On Monday, the Colorado Senate Judiciary Committee passed HB26-1322, a bill that creates a private civil right of action allowing survivors of conversion therapy to sue the practitioners who subjected them to it. The bill, which has no statute of limitations for such claims, would likely make the practice of conversion therapy financially prohibitive in the state. It comes in the aftermath of the Supreme Court’s 8-1 decision last month in Chiles v. Salazar, which found that Colorado’s 2019 ban on conversion therapy unconstitutional—effectively legalizing the discredited practice nationwide. The new bill has one final legislative hurdle to clear—the full Colorado Senate—before heading to Governor Jared Polis’s desk, though the governor has so far offered only lukewarm signals about whether he will sign it, saying he is “hopeful there is still time to construct a framework he could support.”

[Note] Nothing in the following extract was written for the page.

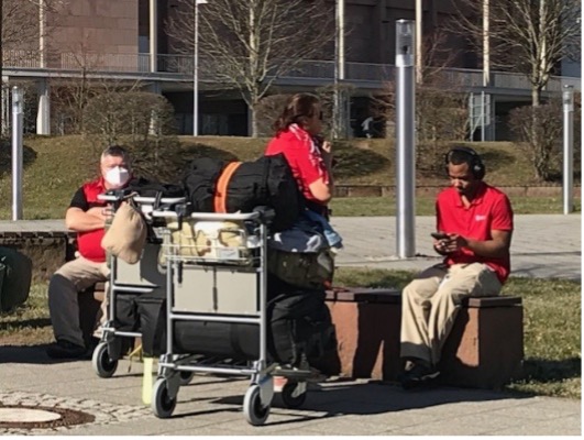 The COVID-19 pandemic presented a year of shut-downs. Team 44 endured an extended 7-month rotation with the additional requirements of COVID-19 tests and 14-day quarantines for every country Team 44 landed in. During their stay in each country, the team underwent extensive military-required courses in cultural studies and military protocols, in addition to Red Cross programs and additional HCC casework trainings. The mandatory country quarantines extended Team 44’s door-to-door deployment to eight months.

The bill targets what it calls “sexual orientation or gender identity change efforts”—defined as “any practice by a licensed mental health professional that seeks to direct a patient toward a predetermined sexual orientation or gender identity outcome, or to eliminate or reduce sexual or romantic attractions or feelings toward individuals of a particular sex or gender, regardless of the sexual orientation or gender identity the patient is directed toward.” The inclusion of “eliminate or reduce sexual or romantic attractions” is notable—conversion therapists have long used this framework to argue disingenuously that they are not trying to change a person’s sexual orientation, merely helping them manage unwanted feelings. The bill explicitly carves out any counseling or therapy that “provides acceptance, support, and understanding of a patient” or “facilitates a patient’s coping, social support, and identity exploration and development”—meaning therapists who support a patient’s own process of self-discovery, without steering them toward a predetermined outcome, would face no liability.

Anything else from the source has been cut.